* **Description of the task**
Repeat every line from the line containing "6年生全体のお楽しみ会を開き、手作りのファッションショーをしました。" to the end of the data, exactly. Leave the pictures out.

* **Dataset extract**
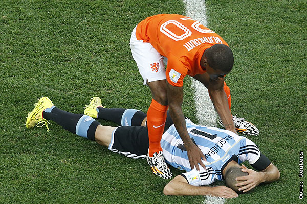 Голландский игрок Вейналдум склонился над травмированным аргентинцем Маскерано.
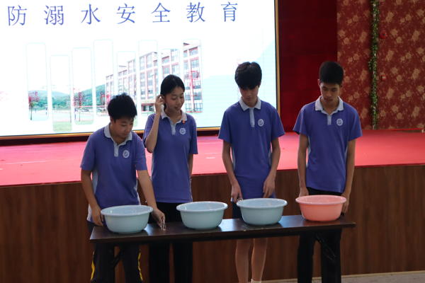 林文丰副校长通过讲述具体案例,将溺水原因、溺水的可怕结果和如何施救融入真实的溺水事故中,采取与学生互动的方式向大家介绍溺水的严重危害,让同学们在聆听中受到震撼。之后他向同学展示了水中自救和救助他人的方法,在面对溺水情况时,首先要保持冷静,避免惊慌;其次要正确施救,避免盲目行动带来更大风险。活动中,现场几位同学还上台进行了体验式防溺水模拟演练,通过分享他们在模拟“溺水”时所体验到的呼吸困难和恐惧,让其他同学深刻体会到溺水的危险,直观体会到预防溺水的重要性。
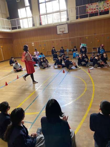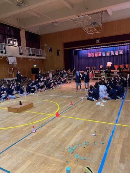 6年生全体のお楽しみ会を開き、手作りのファッションショーをしました。
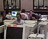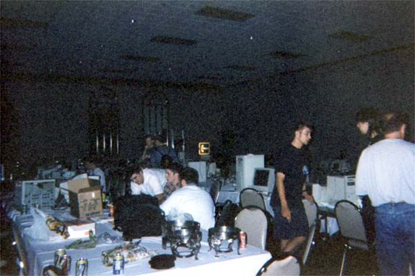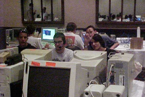 This picture was just too eerie to leave out. Here we see more computer geeks bathed in the subtle blue glow of LCD monitors as they tinker away at something unwholesome. |

* **Response to this task**
 6年生全体のお楽しみ会を開き、手作りのファッションショーをしました。
 This picture was just too eerie to leave out. Here we see more computer geeks bathed in the subtle blue glow of LCD monitors as they tinker away at something unwholesome. |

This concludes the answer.